That is the Nicely reflex, quantified and peer-reviewed. The more you trust the machine, the less you check it. The more you trust yourself, the more you interrogate what comes back. The skimmer trusts the machine completely — so they verify nothing, and the unchecked output flows straight into the world wearing a lab coat. The expert trusts themselves — so they keep poking, keep doubting, keep finding the cracks. [Lee et al., CHI 2025]
The same study found a quieter casualty: people using AI produced a less diverse set of outputs for the same task. Everyone converges on the same plausible middle. The researchers were blunt about the risk — a slow atrophy of the cognitive muscles you stop using.
(A smaller MIT Media Lab preprint, Your Brain on ChatGPT, even put EEG caps on 54 people and reported reduced neural connectivity in the AI-assisted group during writing. It's a small study and I'd hold it loosely — but it rhymes with everything above.) [Kosmyna et al., MIT Media Lab, 2025]
Here's the twist, and it's the most important paragraph in this piece.

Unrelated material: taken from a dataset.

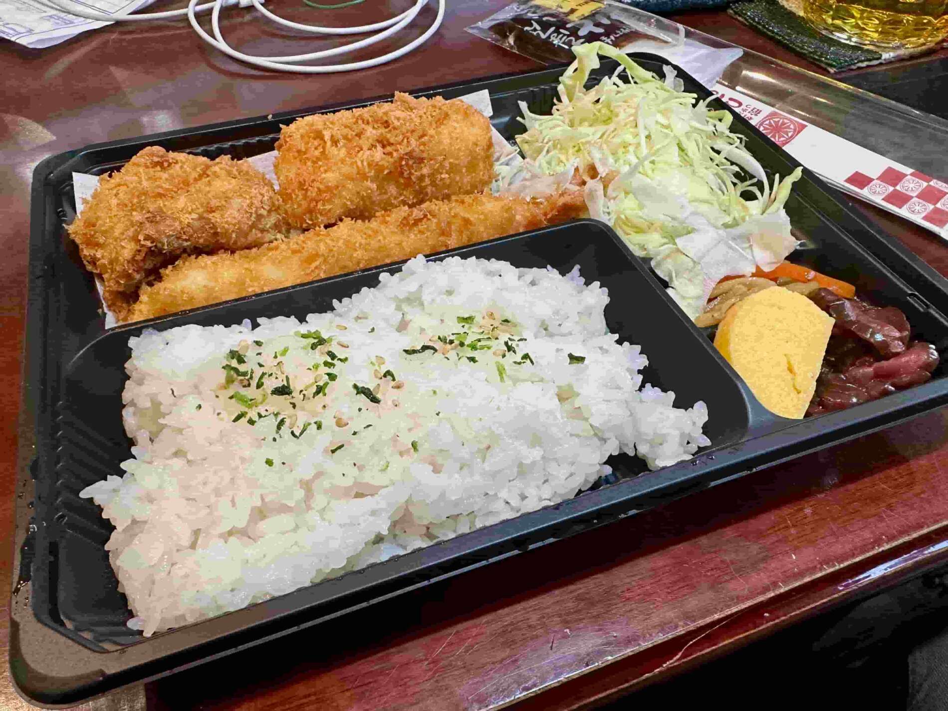 ワタクシは抜けがけのミックスフライ弁当、うまし!

The expert's doubt is not a malfunction. Calibrated doubt is the expertise — that's the literal finding of the Microsoft study, and it's the literal plot of the Nicely story. The problem isn't that experts started doubting. It's that they aimed the doubt at the wrong target: at their own judgment, when they should be aiming it at the noise.
And their value didn't drop. It relocated.

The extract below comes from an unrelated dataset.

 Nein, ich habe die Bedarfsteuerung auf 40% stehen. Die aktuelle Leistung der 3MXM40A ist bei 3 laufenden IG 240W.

When generation becomes free, the scarce skill stops being production and becomes evaluation — knowing what's wrong with the plausible-looking output, knowing the failure modes, knowing which five cells are missing from the lookup table. That is precisely the expert's edge, and it just became more scarce relative to all that cheap generation, not less. The moat got deeper. It only stopped being legible to the crowd, because the crowd was reading fluency, and fluency is dead.

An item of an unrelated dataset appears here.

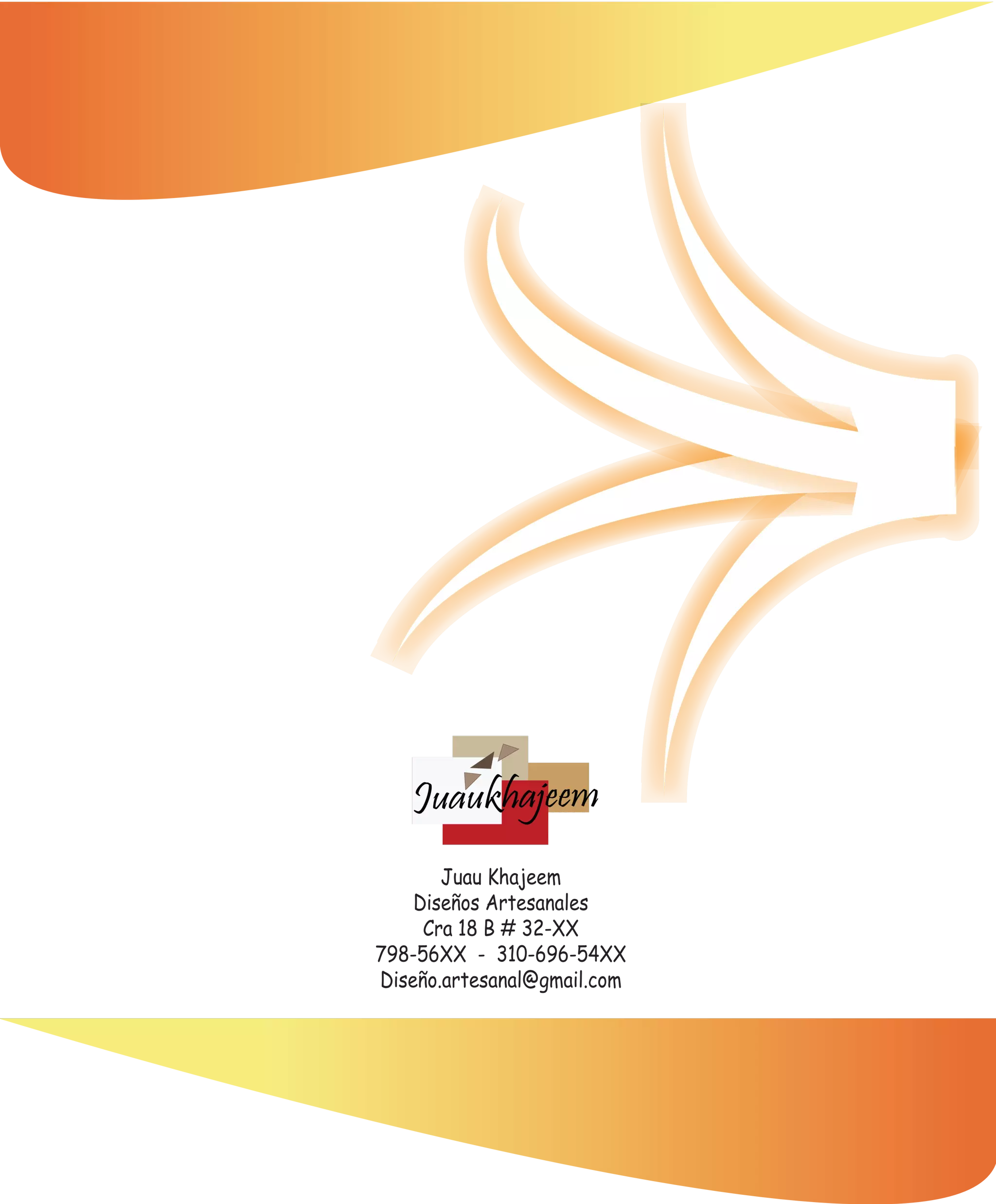 Juau Khajeem ofrece diseños artesanales desde su taller en Cra 18 B # 32-XX. Su número de teléfono es 798-56XX y su correo electrónico es Diseño.artesanal@gmail.com. Khajeem crea piezas artesanales personalizadas para clientes.

So the expert quietly losing confidence has it exactly backwards. The market for "people who can produce a convincing artifact" just got flooded to worthlessness. The market for "people who can look at a convincing artifact and tell you why it's quietly catastrophic" just got tighter. If you're in the second group and you feel less valuable, you've misread your own balance sheet.
Overconfident people existing is not a crisis. It's Tuesday. Humans have always overrated themselves — Dunning and Kruger built a career on bottom-quartile performers cheerfully placing themselves near the 60th percentile, and that was before anyone had a confidence-amplification engine in their pocket.
The danger isn't the confidence. It's where the confidence holds decision authority.
Noise is harmless right up until it converts into a budget line, a roadmap, or an architecture choice. Remember that "once every 27,000 years" was not some intern's offhand guess — it was the official, confident, load-bearing position of the most sophisticated chip company alive, and it nearly settled the matter. An overconfident skimmer with a Slack channel is mildly annoying. An overconfident skimmer with a mandate ships the system that silently breaks at scale — the design with no margin analysis, the "we don't need a human in the loop here" that absolutely needed one, the architecture nobody senior ever pressure-tested because the deck looked finished.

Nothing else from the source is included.